The conformational stability of the high-affinity sdAb antibody in complex with minocycline was investigated using nano differential scanning fluorimetry (nanoDSF). aMinoC1 showed high thermal stability with the first unfolding midpoint (Tm50) of 79.5 °C. Coincubation with minocycline ranging from 1 nM to 2.5 mM improved the Tm50 values by over 10 °C, increasing to 89.6 °C, indicating an antigen-driven stabilizing event (Figure 1E). In silico analysis of aMinoC1 indicated a high humanness score, suggesting limited immunogenicity (Hu-mAb score 0.875 (15) and T20 score 78.66 (16)) (Figure 1F). Finally, the ability of aMinoC1 to be expressed on the surface of a cell and bind minocycline was shown by expressing this sdAb in a type I surface protein format and staining with labeled minocycline (Figure 1G).

Generation of a Displaceable Cyclic Peptide

We next sought to identify a peptide that would compete for aMinoC1 sdAb binding. A combinatorial phagemid library of cysteine-constrained 7-mer peptides (CX7C) was enriched via phage display for aMinoC1 sdAb binders. Isolated monoclonal phagemids were examined by ELISA to determine their binding to sdAb and displacement by minocycline. Seventeen out of 20 selected monoclonal phage clones showed specific binding to aMinoC1 with reduction of binding when co-incubated with 1 μM minocycline (Figure 2A). Sequencing the peptide coding region of phagemids indicated a homologous consensus motif (Pro-X-Trp-Ala-X-X-Phe) and a total of four unique peptide sequences with amino acid differences at positions X2, X5, and X6 (Figure 2B).

Figure 2

Figure 2. Engineering of a minocycline-displaceable CX7C peptide with affinity for aMinoC1 sdAb. (A) Anti-M13 detection ELISA of selected monoclonal whole phagemid clones displaying CX7C peptides binding to plate-immobilized aMinoC1 sdAb with or without minocycline (1 μM). (B) Four unique peptide sequences (GWARA, HWAQA, PWAYS, and QWAMM) were isolated and tested for sdAb binding as peptide-muIgG2a-Fc conjugates. (C) ELISA of purified CX7C-muIgG2a-Fc peptide fusion showing specific binding to aMinoC1 sdAb. Addition of 1 μM minocycline out-competed peptide-Fc conjugates resulting in significantly reduced detection. Two-way ANOVA with Sidak’s post-test. ****P < 0.0001. (D) Dynamic minocycline (green), doxycycline (orange), or tetracycline (purple) small molecules and GWARA-peptide-Fc binding to immobilized aMinoC1 sdAb on Biacore 8k. Sequential injections of GWARA-Fc (Phase I), small molecule (Phase II), and dissociation (buffer, wash) step (Phase III) showing minocycline-driven acceleration of GWARA-Fc dissociation. Serial challenges with peptide and small molecule show reversibility of the system. No enhanced dissociation was visible with doxycycline or tetracycline injections. (E) Schematic representation of cells expressing RQR8 transduction marker and aMinoC1 transmembrane receptor detected with peptide-muIgG2a Fc in the presence of minocycline (left). Histogram plot of flow cytometry staining for HEK-293T transduced with the aMinoC1 transmembrane receptor, with peptide-muIgG2a Fc peptide fusion (right). Dose-dependent reduction of peptide-muIgG2a Fc binding for GWARA, HWAQA, PWAYS. and QWAMM in the presence of increasing concentrations of minocycline (green gradient). 100 μM caffeine incubation (orange) showed no peptide-binding inhibition compared to the PBS control condition (gray).

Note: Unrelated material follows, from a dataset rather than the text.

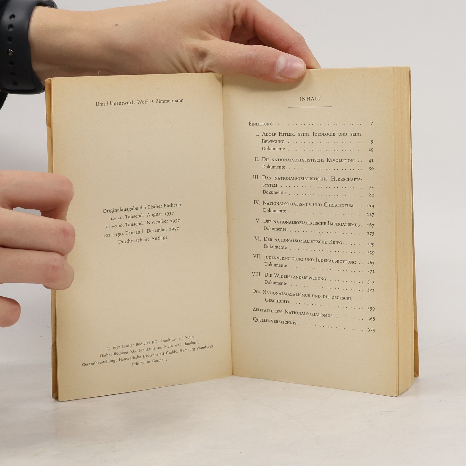 Die Erfahrung hat gelehrt, dass geschichtliche Ereignisse erst in gehörigem Abstand interpretiert und sachlich dargestellt werden können. Aus diesem Grunde unterlagen auch viele Publikationen über das Phänomen des Nationalsozialismus tendenziösen Einflüssen und begegneten dadurch zum Teil dem Widerstand der Leserschaft. Wir haben daher versucht, die politischen Ereignisse der jüngsten deutschen Vergangenheit selbst sprechen zu lassen. Die Dokumente, die Walther Hofer, Professor für Neuere Geschichte an der Universität Bern, zusammengestellt und kommentiert hat, sprechen eine beredte Sprache. Jeder Satz hat authentischen Aussagewert und steht für eine menschliche und politische Haltung, die als abschreckendes Exempel der Gegenwart vor Augen geführt werden muss. Wir hoffen, dass dieses Brevier der Unmenschlichkeit, das zugleich die Kräfte eines anderen, besseren Deutschland beschwört, seine Wirkung auf die Leser nicht verfehlen wird.

The measured affinities (KD) of GWARA, HWAQA, PWAYS, and QWAMM peptides were 111, 328, 283, and 209 nM, respectively, with varying kinetic profiles, with the former showing the highest affinity and the fastest on-rate (Figure S3C). Specific binding of the peptides to aMinoC1 sdAb and competition with minocycline were confirmed by ELISA as purified peptide-Fc conjugates. All peptides showed significant displacement from aMinoC1 sdAb in the presence of minocycline, while no binding was detected for the nonrelated sdAb clone 31 (Figure 2C).
Reversible association and dissociation of the peptides were then demonstrated using a modified SPR protocol. Peptide binding to immobilized aMinoC1 (phase I) was specifically reversed by the addition of minocycline (phase II) and not by two closely related small molecules (doxycycline and tetracycline). Removal of the drug (phase III) then allowed subsequent rebinding of the peptide to a comparable degree to that before, confirming the sustained structural integrity of the aMinoC1 binding pocket. Serial binding/dissociation cycles confirmed robust reversibility of the system (Figures 2D and S4).
Minocycline was able to elicit a concentration-dependent reduction in peptide binding, for all four CX7C constructs tested, in the context of a membrane-bound aMinoC1 sdAb architecture. Additionally, incubation with 100 μM caffeine did not result in a decrease in peptide binding (Figure 2E).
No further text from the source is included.